Task to complete => In the listing below, start your output at the line with "Синяя рифлёная пробка" and end it after the line with "Die beiden hochwertig", copying every line exactly.

Given records =>
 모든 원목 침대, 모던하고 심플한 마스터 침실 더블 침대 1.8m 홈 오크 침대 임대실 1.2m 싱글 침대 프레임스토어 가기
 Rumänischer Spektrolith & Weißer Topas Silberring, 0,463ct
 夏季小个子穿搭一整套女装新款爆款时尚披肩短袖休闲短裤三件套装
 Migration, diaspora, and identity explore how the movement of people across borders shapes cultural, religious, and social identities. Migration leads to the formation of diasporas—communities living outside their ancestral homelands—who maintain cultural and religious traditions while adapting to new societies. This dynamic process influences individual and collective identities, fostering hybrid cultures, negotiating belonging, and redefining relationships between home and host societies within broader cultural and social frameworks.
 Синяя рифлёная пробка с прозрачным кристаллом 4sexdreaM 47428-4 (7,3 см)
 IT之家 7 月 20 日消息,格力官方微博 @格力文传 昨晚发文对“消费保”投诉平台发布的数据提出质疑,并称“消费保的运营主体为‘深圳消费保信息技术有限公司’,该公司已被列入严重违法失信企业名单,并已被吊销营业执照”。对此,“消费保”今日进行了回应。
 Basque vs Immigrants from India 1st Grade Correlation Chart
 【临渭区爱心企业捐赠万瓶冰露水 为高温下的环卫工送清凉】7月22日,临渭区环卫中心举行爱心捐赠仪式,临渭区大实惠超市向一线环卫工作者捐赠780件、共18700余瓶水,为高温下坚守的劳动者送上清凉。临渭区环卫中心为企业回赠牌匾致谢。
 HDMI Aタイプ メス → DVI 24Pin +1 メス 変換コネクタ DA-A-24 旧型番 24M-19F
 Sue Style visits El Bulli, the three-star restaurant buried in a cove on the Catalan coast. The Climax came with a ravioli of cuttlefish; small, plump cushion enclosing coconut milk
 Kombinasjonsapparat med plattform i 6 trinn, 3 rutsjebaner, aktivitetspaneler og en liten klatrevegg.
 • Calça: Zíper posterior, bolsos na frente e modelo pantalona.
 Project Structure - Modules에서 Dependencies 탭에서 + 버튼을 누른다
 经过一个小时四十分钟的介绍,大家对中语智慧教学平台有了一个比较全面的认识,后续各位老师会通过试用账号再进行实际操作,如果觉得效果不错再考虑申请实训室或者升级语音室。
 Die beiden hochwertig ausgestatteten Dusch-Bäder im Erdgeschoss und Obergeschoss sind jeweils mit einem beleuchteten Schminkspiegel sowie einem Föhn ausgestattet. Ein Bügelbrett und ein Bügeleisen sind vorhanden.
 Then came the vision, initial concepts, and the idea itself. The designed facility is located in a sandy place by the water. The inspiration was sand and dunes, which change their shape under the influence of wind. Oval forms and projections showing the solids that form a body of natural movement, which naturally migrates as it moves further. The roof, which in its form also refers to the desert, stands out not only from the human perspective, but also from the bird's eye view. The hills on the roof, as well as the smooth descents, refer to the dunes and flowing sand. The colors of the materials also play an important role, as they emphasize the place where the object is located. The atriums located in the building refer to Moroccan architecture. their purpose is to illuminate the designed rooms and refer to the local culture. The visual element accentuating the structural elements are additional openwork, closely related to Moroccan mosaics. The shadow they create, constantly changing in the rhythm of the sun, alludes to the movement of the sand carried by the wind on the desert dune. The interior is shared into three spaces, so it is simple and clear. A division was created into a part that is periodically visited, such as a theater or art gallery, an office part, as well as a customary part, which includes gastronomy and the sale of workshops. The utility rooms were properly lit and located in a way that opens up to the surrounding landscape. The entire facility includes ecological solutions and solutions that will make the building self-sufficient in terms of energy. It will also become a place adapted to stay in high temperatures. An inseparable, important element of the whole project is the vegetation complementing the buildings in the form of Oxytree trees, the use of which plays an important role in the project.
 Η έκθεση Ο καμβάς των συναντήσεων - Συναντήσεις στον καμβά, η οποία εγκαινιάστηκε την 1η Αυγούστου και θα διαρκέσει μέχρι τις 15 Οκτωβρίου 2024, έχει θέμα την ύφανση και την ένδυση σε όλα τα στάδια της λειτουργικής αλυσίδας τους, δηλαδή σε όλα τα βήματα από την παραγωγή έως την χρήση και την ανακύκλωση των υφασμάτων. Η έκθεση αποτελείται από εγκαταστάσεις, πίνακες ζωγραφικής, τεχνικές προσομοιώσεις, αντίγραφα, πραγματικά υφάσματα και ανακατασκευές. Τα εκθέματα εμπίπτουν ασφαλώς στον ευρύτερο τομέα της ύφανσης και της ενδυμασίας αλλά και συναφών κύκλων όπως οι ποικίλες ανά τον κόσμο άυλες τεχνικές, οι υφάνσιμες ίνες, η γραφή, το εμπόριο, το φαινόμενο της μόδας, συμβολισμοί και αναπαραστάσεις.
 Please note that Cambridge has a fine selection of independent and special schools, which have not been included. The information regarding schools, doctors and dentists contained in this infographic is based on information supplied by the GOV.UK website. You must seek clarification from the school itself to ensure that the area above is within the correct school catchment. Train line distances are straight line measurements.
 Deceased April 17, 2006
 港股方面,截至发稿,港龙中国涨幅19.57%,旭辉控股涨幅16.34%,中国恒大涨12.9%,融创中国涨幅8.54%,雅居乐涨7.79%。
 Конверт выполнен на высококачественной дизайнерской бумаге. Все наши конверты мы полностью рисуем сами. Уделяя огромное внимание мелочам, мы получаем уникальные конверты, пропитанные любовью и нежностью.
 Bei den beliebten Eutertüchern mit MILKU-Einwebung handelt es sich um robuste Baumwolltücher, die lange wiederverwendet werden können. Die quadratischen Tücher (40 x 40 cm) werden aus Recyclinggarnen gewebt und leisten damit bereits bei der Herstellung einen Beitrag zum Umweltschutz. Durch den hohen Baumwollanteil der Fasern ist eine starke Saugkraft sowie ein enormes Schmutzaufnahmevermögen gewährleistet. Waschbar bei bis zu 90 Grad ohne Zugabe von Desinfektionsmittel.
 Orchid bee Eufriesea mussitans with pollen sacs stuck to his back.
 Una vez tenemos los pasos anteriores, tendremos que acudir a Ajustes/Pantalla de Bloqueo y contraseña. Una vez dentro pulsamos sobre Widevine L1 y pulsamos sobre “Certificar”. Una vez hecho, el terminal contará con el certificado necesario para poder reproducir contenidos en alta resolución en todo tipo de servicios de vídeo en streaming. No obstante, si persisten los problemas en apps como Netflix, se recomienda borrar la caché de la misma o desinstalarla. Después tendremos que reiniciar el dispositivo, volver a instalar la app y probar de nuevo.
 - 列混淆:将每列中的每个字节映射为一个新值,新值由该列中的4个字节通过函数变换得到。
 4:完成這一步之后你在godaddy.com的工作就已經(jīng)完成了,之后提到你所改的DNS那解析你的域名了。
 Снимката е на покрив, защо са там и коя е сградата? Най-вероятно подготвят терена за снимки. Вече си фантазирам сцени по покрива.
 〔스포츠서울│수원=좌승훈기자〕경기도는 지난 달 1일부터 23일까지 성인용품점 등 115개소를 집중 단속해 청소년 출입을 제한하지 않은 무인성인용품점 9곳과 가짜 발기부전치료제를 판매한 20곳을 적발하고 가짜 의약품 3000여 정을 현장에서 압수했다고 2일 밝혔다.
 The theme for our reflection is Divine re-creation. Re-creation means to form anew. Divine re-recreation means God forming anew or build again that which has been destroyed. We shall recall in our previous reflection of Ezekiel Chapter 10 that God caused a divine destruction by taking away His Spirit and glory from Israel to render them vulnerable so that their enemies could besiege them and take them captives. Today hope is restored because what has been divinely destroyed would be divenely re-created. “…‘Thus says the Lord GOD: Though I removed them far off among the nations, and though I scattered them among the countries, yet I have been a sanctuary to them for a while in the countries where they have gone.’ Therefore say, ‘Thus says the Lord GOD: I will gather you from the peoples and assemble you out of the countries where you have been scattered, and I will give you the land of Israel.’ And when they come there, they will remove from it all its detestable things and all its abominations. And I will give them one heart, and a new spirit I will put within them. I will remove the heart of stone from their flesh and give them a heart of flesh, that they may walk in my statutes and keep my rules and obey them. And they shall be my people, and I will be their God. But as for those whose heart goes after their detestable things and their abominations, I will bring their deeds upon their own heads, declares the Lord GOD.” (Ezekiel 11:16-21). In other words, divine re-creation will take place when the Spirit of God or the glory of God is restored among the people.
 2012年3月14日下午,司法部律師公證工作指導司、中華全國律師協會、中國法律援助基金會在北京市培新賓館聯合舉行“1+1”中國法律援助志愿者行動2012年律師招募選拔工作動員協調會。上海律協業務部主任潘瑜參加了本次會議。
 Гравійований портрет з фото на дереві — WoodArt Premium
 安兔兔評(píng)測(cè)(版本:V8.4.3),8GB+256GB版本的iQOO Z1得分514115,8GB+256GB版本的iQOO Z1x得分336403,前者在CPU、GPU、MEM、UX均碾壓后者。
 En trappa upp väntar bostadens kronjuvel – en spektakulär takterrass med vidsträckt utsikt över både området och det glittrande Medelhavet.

Problem solution =>
 Синяя рифлёная пробка с прозрачным кристаллом 4sexdreaM 47428-4 (7,3 см)
 IT之家 7 月 20 日消息,格力官方微博 @格力文传 昨晚发文对“消费保”投诉平台发布的数据提出质疑,并称“消费保的运营主体为‘深圳消费保信息技术有限公司’,该公司已被列入严重违法失信企业名单,并已被吊销营业执照”。对此,“消费保”今日进行了回应。
 Basque vs Immigrants from India 1st Grade Correlation Chart
 【临渭区爱心企业捐赠万瓶冰露水 为高温下的环卫工送清凉】7月22日,临渭区环卫中心举行爱心捐赠仪式,临渭区大实惠超市向一线环卫工作者捐赠780件、共18700余瓶水,为高温下坚守的劳动者送上清凉。临渭区环卫中心为企业回赠牌匾致谢。
 HDMI Aタイプ メス → DVI 24Pin +1 メス 変換コネクタ DA-A-24 旧型番 24M-19F
 Sue Style visits El Bulli, the three-star restaurant buried in a cove on the Catalan coast. The Climax came with a ravioli of cuttlefish; small, plump cushion enclosing coconut milk
 Kombinasjonsapparat med plattform i 6 trinn, 3 rutsjebaner, aktivitetspaneler og en liten klatrevegg.
 • Calça: Zíper posterior, bolsos na frente e modelo pantalona.
 Project Structure - Modules에서 Dependencies 탭에서 + 버튼을 누른다
 经过一个小时四十分钟的介绍,大家对中语智慧教学平台有了一个比较全面的认识,后续各位老师会通过试用账号再进行实际操作,如果觉得效果不错再考虑申请实训室或者升级语音室。
 Die beiden hochwertig ausgestatteten Dusch-Bäder im Erdgeschoss und Obergeschoss sind jeweils mit einem beleuchteten Schminkspiegel sowie einem Föhn ausgestattet. Ein Bügelbrett und ein Bügeleisen sind vorhanden.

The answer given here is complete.